Jefferies' Chris Wood sells Birla stock after 183% rally to buy Mahindra
Jefferies’ Chris Wood has exited Aditya Birla Real Estate after a 183% rally since 2021, reallocating funds to Mahindra & Mahindra. The brokerage sees strong earnings growth, SUV-led market share gains, and attractive valuations, setting a Rs 4,20...

In his latest GREED & fear newsletter dated August 28, Wood wrote, “The investment in Aditya Birla Real Estate will be removed and replaced by an investment in Mahindra & Mahindra.” Wood noted that the stock had rallied sharply since its inception in July 2021, when it was held under its earlier name, Century Textiles.

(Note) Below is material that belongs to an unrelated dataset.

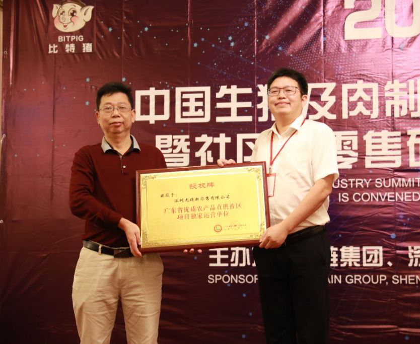 龍鏈集團董事局主席、川豬集團董事長、深圳龍鏈新零售有限公司董事長夏可,上臺接受了這項全廣東省獨家的授權(quán)牌,并發(fā)表感言:這既是廣東省委、省政府對深圳龍鏈新零售有限公司以區(qū)塊鏈、人工智能、物聯(lián)網(wǎng)等領(lǐng)域的高新科技,打造形成了生豬及肉制品等高品質(zhì)“菜籃子工程”系列產(chǎn)品的規(guī)?;I(yè)化產(chǎn)供銷及商業(yè)平臺服務(wù)“一條龍”的肯定,也是一種鞭策——鞭策龍鏈人將自創(chuàng)的“比特豬”品牌穩(wěn)固為中國高端健康食品結(jié)合社區(qū)新零售領(lǐng)域的第一品牌,并不斷推動市民能夠以更便捷的方式與更良好的消費體驗,獲得高品質(zhì)的放心食品。

Jefferies’ bullish case on Mahindra
Jefferies has a buy rating on Mahindra & Mahindra with a target price of Rs 4,200, implying meaningful upside from current levels. Analyst Nitij Mangal, in a Jefferies report, said Mahindra is well placed to deliver a 19% EPS CAGR over FY25-28E, second only to TVS Motor’s 27%.
“Mahindra & Mahindra is gaining share in PVs with new launches and favourable demand shift towards SUVs, and has become the #2 OEM in 1QFY26 with 15% market share,” the brokerage said. Maruti Suzuki’s share has slipped to 39%, a 13-year low, while Hyundai has dropped to third place with 13% share, its weakest since FY09.
Jefferies finds Mahindra’s valuations “attractive” given the strong earnings outlook and improving franchise, projecting 12% volume growth and 19% core EPS CAGR over FY25-28E.
The brokerage values Mahindra at 26x Sep-FY27 earnings for its autos and tractor businesses, adding Rs 487 per share for subsidiaries. Risks, however, include weaker tractor and SUV demand, muted response to new SUV/EV launches, and the challenge of meeting 2027 CAFE emission norms while sustaining profitability.
On Friday, Mahindra & Mahindra shares traded nearly 2% lower at Rs 3,232.60 on the BSE. Shares of Aditya Birla Real Estate also slipped 2.7% to Rs 1,796.95.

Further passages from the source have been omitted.